Probably most of you will never have to deal with challenge matches. It’s a good thing, they almost never end well. It’s a funny business…prone to ugliness when the slightest bit of ego gets involved, with a tiny chance of ending well. The skilled artists can come calling sometimes, and be very polite and want to play…and polite or no, you know they are challenging you. It’s a very serious thing. The truth of martial arts is that you learn to lose a fair bit. The good ones know this, and every time they win something, they remember a little of losing.
Twice when I was at Academie Duello we had groups of more modern fencers show up on our open fight nights, looking to test us out. The sabre guys were fantastic. We came out strongly ahead, but it wasn’t an honest bout, as they were trying rapiers for the first time. I don’t remember much of the night, but I remember we all had a great time talking about our arts and playing around. The instructor later gave me a gift of two replacement Hanwei Radaelli sabre blades. A gift I still cherish, even as they sit in my bag battered and broken from use. I’d take sabre lessons from those guys in a heartbeat.

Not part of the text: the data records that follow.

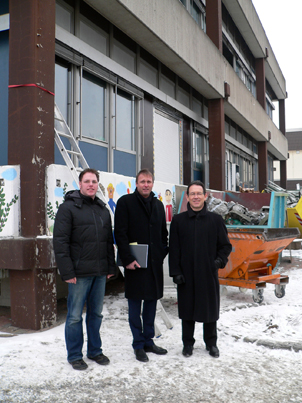 Baustart an der Grundschule Simmershausen Fuldatal. Nachdem in den Winterferien das „Pavillon-Dorf“ direkt neben dem Schulhof der Grundschule Simmershausen aufgestellt wurde, starten jetzt die Modernisierungsarbeiten im leergeräumten Schulgebäude. „Die Entkernungsarbeiten sind bereits in vollem Gang“, informiert Uwe Schenk, Abteilungsleiter Bauen des Fachbereichs Schulen und Bauwesen des Landkreises Kassel. Im Zuge der Abrissarbeiten erfolgt auch eine Schadstoffsanierung des Gebäudes. „In den 70er Jahren wurden viele Baustoffe verwendet, die heute als Schadstoffen betrachtet werden – während des Schulbetriebs bestand allerdings keine Gesundheitsgefährdung, da die problematischen Stoffe in Decken- und Wandverkleidungen enthalten sind und nicht zugänglich waren“, erläutert Schenk weiter. 2,5 Millionen Euro aus dem Sonderinvestitionsprogramm des Landes Hessen fließen in die grundlegende Modernisierung des im Jahr 1973 errichteten Schulgebäudes. Die Schule Simmershausen ist wie viele andere Schulen aus den 70er Jahren im Landkreis Kassel als „Beton-Rasterbau“ erstellt worden, so Schenk. Bei der Modernisierung der Schule könne jetzt so gebaut werden, dass die aktuellen grundschulpädagogischen Anforderungen sowie die Vorgaben für eine moderne Energienutzung beispielhaft berücksichtigt werden können. Im Bereich Energie werde die vorhandene ungedämmte Alu-Glas-Betonfassade komplett durch Mauerwerk mit Fenstern ersetzt. „Zusammen mit der umfassenden Wärmedämmung und der Erneuerung des Flachdaches erfüllen wir dann die neuesten Vorschriften der Energie-Einsparverordnung“, berichtet Schenk. Auch in der Aufteilung des Schulgebäudes sei von den beauftragten Architekten des Kasseler Büros RSE zusammen mit Schulleiter Achim Kessemeier ein Konzept gefunden worden, dass neben modernen Klassenräumen auch Lernlandschaften ermögliche, in denen die Kinder selbständig Inhalte erarbeiten können. Durch eine Neuaufteilung der Haustechnik sowie der Funktionsräume werde die Schule für Schüler und Lehrer auch im Inneren „ein neues Gesicht“ erhalten. Nach dem Umbau stehen acht Klassen, ein EDV-Raum, eine Schülerbibliothek, ein Betreuungs- und ein Projektraum, sowie ein Multifunktionsraum zur Verfügung. Auf jedem Geschoss sind Lernlandschaften eingeplant. Schenk: „Während der rund einjährigen Bauzeit müssen Schüler und Lehrer leider in ein Pavillon-Dorf umziehen – allerdings zeigen die ersten Erfahrungen, dass die Schulgemeinde gut mit den immer mit einer Baustelle verbundenen Einschränkungen umgehen kann“. Lehrerzimmer, Verwaltung und Betreuung sind während der Bauarbeiten in der „Alten Schule“ untergebracht. Die Modernisierung der Simmershäuser Grundschule soll Ende des Jahres 2010 abgeschlossen sein. Hintergrund: Das Gebäude der Grundschule Simmershausen stammt aus dem Jahr 1973 und entspricht sowohl von den Brandschutzvorgaben wie auch von den energetischen Voraussetzungen nicht den heutigen Anforderungen an eine Grundschule. Die Grundschule Simmershausen ist mit aktuell 156 Schülern und 8 Klassen die zweitgrößte Grundschule in Fuldatal. Seit dem Schuljahr 1993/94 ist an der Schule ein Betreuungsangebot eingerichtet. Seit zwei Jahren wird an der Grundschule der flexible Schulanfang praktiziert. Im letzten Jahr erhielt die Schule die Anerkennung als Referenzschule für die vorbildliche Beteiligung von Schülern und Eltern am Unterricht und schulischen Leben vom Staatlichen Schulamt für die Stadt und den Landkreis Kassel. Der Einzugsbereich der Grundschule umfasst die Fuldataler Ortsteile Simmershausen, Knickhagen, Wahnhausen und Wilhelmshausen. In den nächsten sechs Jahren wird die Schülerzahl der Schule schrittweise auf 85 Schüler sinken. Schulleiter ist Achim Kessemeier. Pressekontakt: Pressestelle LANDKREIS KASSEL, Harald Kühlborn Zu dieser Meldung können wir Ihnen folgendes Medium anbieten: Simmershausen Baustart Auf dem Foto sieht man von links nach rechts vor dem zum Teil entkernten Schulgebäude frierend Bastian Fleck (Grundschule Simmershausen), Architekt Stefan Stiegel und Uwe Schenk (Landkreis Kassel).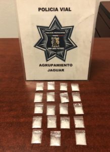 La inspección arrojó que entre su ropa llevaba consigo 19 bolsas de plástico transparente con un contenido granulado, color blanco con las propiedades físicas de la droga conocida como cristal.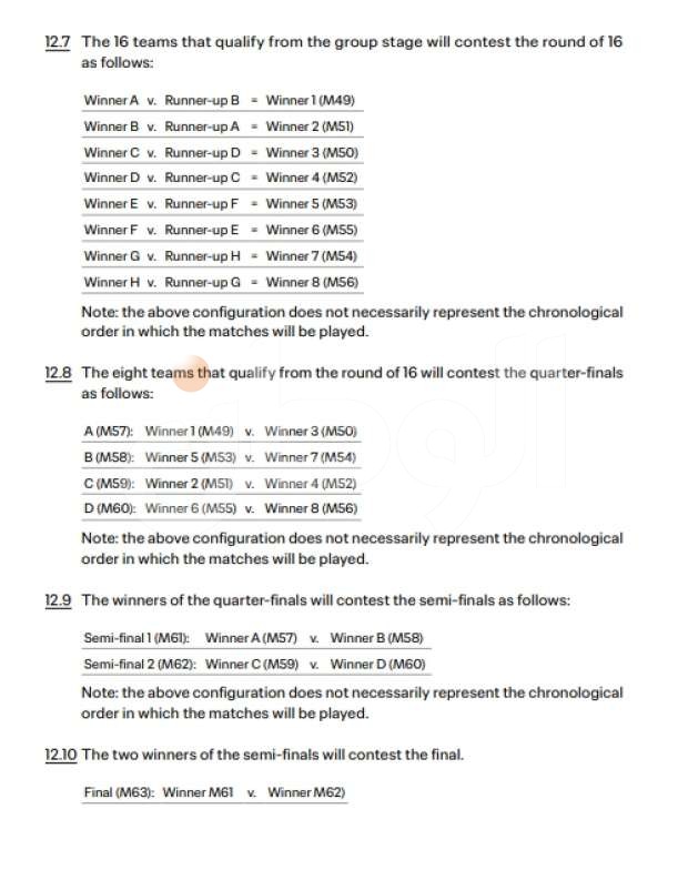 وكشفت المادة 12 الخاصة بجدول المسابقة حتى المباراة النهائية عن إلغاء مباراة تحديد المركز الثالث من البطولة بشكل نهائي ولعب مباراة النهائي مباشرة.

The second group of modern point stylists were okay, but not as fun. I suppose it figures I’d get along better with sabre fighters, the stereotypes must be a bit true. The second group came by somewhat spontaneously, I think…on the way back from some meet, or in town for one, I never did find out. They eagerly kitted up and wanted to bout with me, but it was a bit of a confused mess. Offline movement and our targeting priority just hit them the wrong way, and they couldn’t adapt. They were speedy, but they kept going for the hand and leaving their face open. They left after a bit and were very polite, but it was unsatisfying all around.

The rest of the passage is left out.